— Было жарко, — вяло объяснила Вересова, рассматривая за его плечом небо и крыши.
— Но в этом зале нет буфета, — наобум заявил Рябинин.
— Забыла уже… Скорей всего, он хотел кому-то позвонить.
— А у вас дома нет телефона?
— Есть.
— Зачем же звонить из аэропорта, когда через двадцать минут вы окажетесь дома, у телефона?
— А может быть, он искал сигареты…
— Не видел жену два года, встретился и думает, как бы закурить.
— Не помню… Какое это имеет значение!
Может быть, никакого. Мало ли зачем они пошли в зал. Например, просто так. А может быть, это та самая трещинка, которую он искал. Просто так они в зал попасть не могли, потому что просто так человек ничего не делает. Они могли бы зайти в зал, будь тот укромным безлюдным местечком. Там же ходили толпы.
— А ведь вы меня обманываете, — грустно признался Рябинин.
— Почему? — спросила она просто, ничуть не удивившись такому подозрению.
— Пока не знаю.
Рябинин ждал следующего вопроса: он ведь ей только сказал, что не знает причину лжи. Теперь она должна спросить, почему ей не верят. Об этом всегда спрашивали и почти всегда возмущались: искренне или деланно. Она же молчала, смотря мимо его уха в окно, в небо и делала вид, что рассматривает что-то интересное. Но там, куда она смотрела, ничего не было — Рябинин это знал. И всё-таки он обернулся.

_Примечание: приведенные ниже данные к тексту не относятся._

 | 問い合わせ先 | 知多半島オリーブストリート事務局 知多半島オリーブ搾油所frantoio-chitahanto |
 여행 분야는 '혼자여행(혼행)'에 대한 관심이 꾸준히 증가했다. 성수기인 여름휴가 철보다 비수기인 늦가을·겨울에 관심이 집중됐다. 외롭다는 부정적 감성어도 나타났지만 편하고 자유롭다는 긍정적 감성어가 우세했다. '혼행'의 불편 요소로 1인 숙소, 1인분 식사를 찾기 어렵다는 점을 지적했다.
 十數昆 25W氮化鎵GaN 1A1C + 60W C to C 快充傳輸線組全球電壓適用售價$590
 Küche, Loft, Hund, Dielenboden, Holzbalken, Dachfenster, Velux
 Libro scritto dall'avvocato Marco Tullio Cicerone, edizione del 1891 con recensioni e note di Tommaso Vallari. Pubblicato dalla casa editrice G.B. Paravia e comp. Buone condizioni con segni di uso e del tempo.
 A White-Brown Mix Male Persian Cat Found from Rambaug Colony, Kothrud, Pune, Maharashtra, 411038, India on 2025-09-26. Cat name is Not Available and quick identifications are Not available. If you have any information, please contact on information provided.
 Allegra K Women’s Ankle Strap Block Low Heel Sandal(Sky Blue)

Нет, там кое-что было: на крыше стояли, обнявшись, девушка и парень. В городе есть сады, скверы, отдельные квартиры, тёмные парадные и просто глухие закоулки где-нибудь у мусорных бачков. Но они стояли на крыше. И ни один следователь в мире не получил бы у них ответа, зачем они забрались на крышу. Захотелось. Безмотивное действие…
Нет, мотив был — захотелось. Если бы Вересова сказала, что им захотелось пройти в зал, он бы счёл это мотивом и стал бы искать дальше — почему захотелось. В конце концов, у этой парочки был резон очутиться на крыше. Например, посмотреть на город, подышать воздухом… И главное, в современном городе крыши были самым безлюдным местом.

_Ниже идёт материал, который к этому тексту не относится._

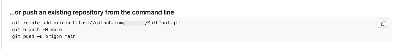 먼저 깃허브 웹사이트에 접속해서 로그인을 하고, 지난 번에 생성했던 저장소로 이동한다. (깃허브 링크는 https://github.com/) 나는 MathTool 이라는 저장소를 만들었는데, 계정 로그인 후에 좌측 사이드바에서 확인이 가능하다. 만약 저장소를 여러개 생성했다면 이 부분에서 카테고리처럼 나열되어 보여지고 각각의 저장소를 클릭하여 이동할 수 있다.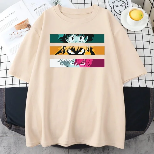 T-Shirt MHA Femme Shoto x Izuku x Katsuki Beige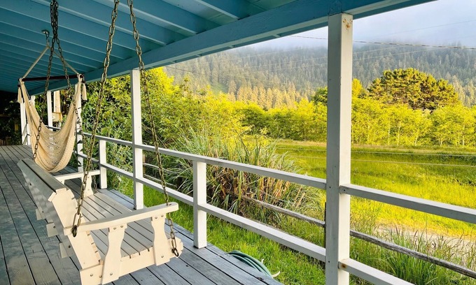 Welcome to your humble stay on the Humboldt Coast. Wake up to coffee on the porch swing with open views of Redwood National Park and Redwood Creek. Then walk, ride or drive past the elk herd to old-growth redwoods, or follow the creek to the mighty Pacific with miles of flat beach. Spend more time exploring with the best access to giant redwoods, breathtaking beaches, and phenomenal fishing. Return home to complete vacation mode with a game of cornhole, a campfire, and a hot tub under the stars.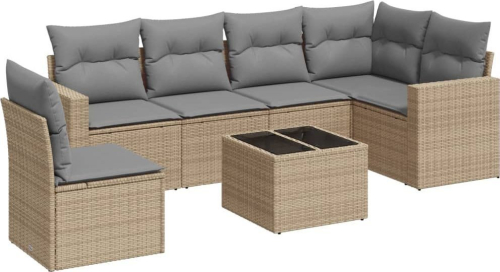 vidaXL 7-częściowy zestaw wypoczynkowy do ogrodu, z poduszkami, beżowy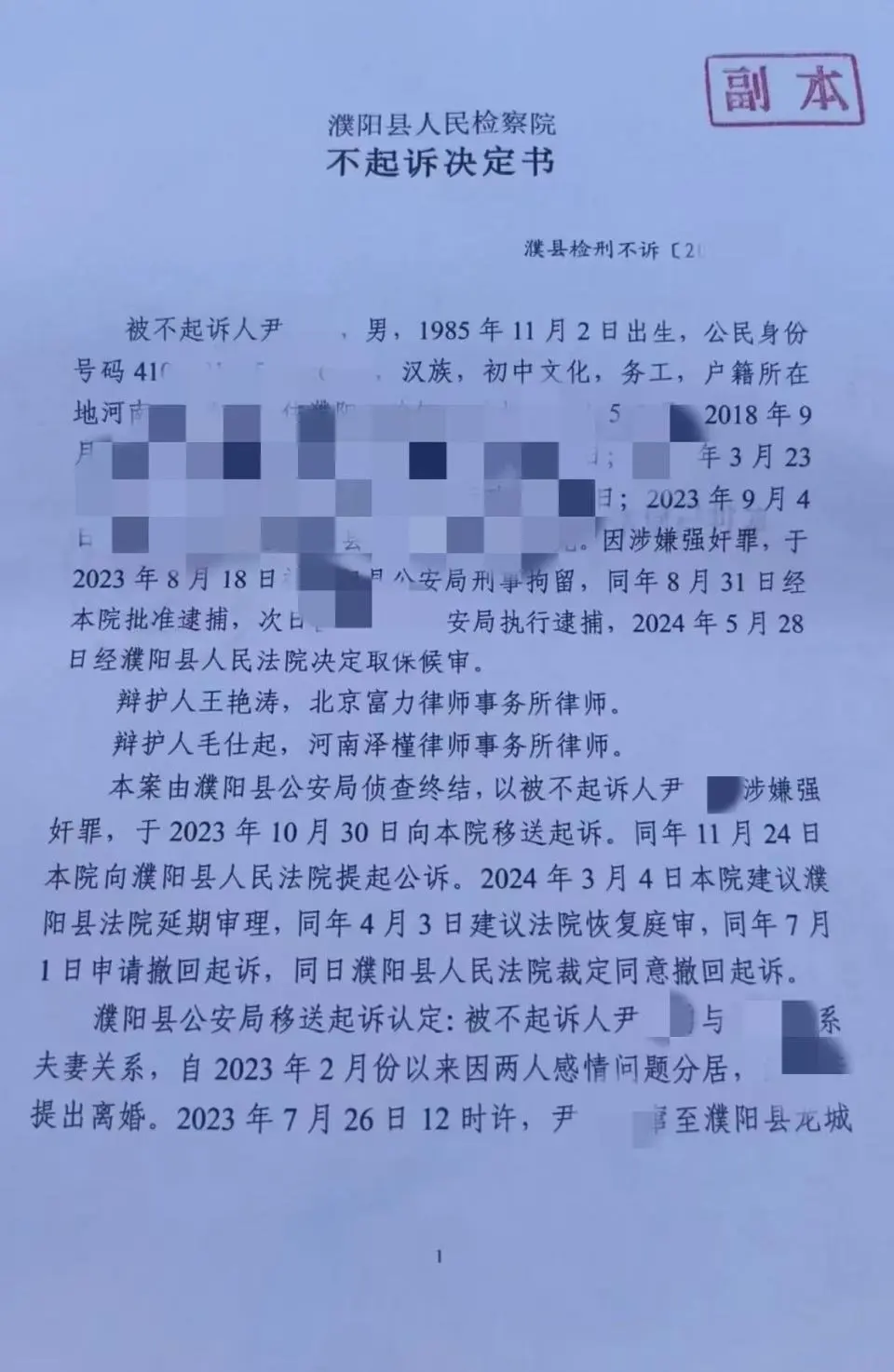 7月31日,濮阳县检察院出具《不起诉决定书》,本案现有证据不足,达不到起诉条件,决定不予起诉。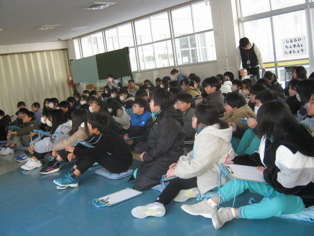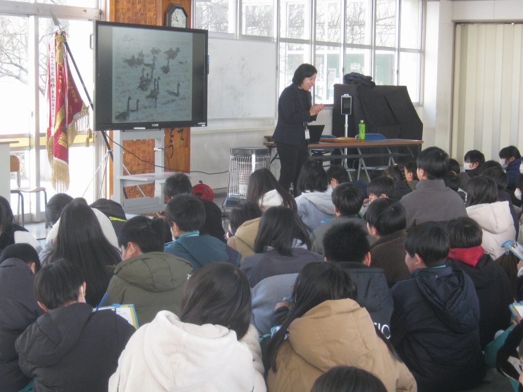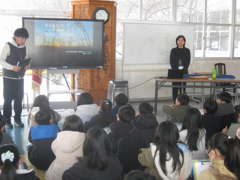 1月13日(火)5年生が総合的な学習で取り組む環境教育について出前授業を受けました。講師はNPO蕪栗ぬまっこくらぶの事務局長の高橋さんをお迎えして渡り鳥から見える環境についてお話をいただきました。とても分かりやすく、子供たちは一生懸命メモを取りながら、今後の学習課題について考えることができたようです。

— Обманываете, — повторил Рябинин.
Теперь она даже не ответила, а как-то поёжилась: вот, мол, глупость.
— Я тоже встречал. И хотя мои встречи были не после столь долгой разлуки, помню их до мелочей. А вы забыли? Да такие встречи остаются на всю жизнь…
— Я пустяков не помню.
— Что было дальше?
— Николай вдруг сильно побледнел. А потом я оказалась уже на полу.
— Вы шли, стояли, говорили?
— Мы шли, а он вдруг остановился, и вот тут…
— Раньше с ним подобное бывало?
— Вообще-то он вспыльчив. Мог накричать, обидеться, но такое…
— Где он теперь живёт?
— У приятеля, Вадима Каменко.
— Почему? Вы же его простили…
— Он сам себя не простил.
И здесь Рябинину увиделась какая-то жизненная недостоверность. Конечно, Вересов мог казниться, как и любой порядочный человек. Он мог казниться даже сильнее порядочного, потому что выглядел личностью незаурядной. Но любой казнящийся стремится загладить свою вину — из кожи лезет. Вересов не лез. Наоборот: обидев её, он продолжал причинять боль своим уходом. А она простила.
— Дайте мне телефон или адрес приятеля.
Она открыла большую сумку и торопливо погрузила пальцы в её широкий зев. Рябинин ждал, рассматривая потерпевшую заново, вторым взглядом, который появляется после того, как уже сложилось какое-то впечатление о человеке.
Теперь она не казалась красивой. Не такие уж чёрные глаза, не яркие, а просто хорошо оттеняются крашеными ресницами и веками. Лицо заметно одутловатое и, видимо, без пудры поблёскивало бы. Губы большие, широкие, какие-то алчущие. А если снять парик? Вот только грудь, на которой, как золотая цепь, лежали янтарные бусы… Вересова была эффектна, а это ещё не красота. Впрочем, Рябинин мог ошибиться, поскольку она говорила неправду, — в таких случаях человек казался ему всегда несимпатичным.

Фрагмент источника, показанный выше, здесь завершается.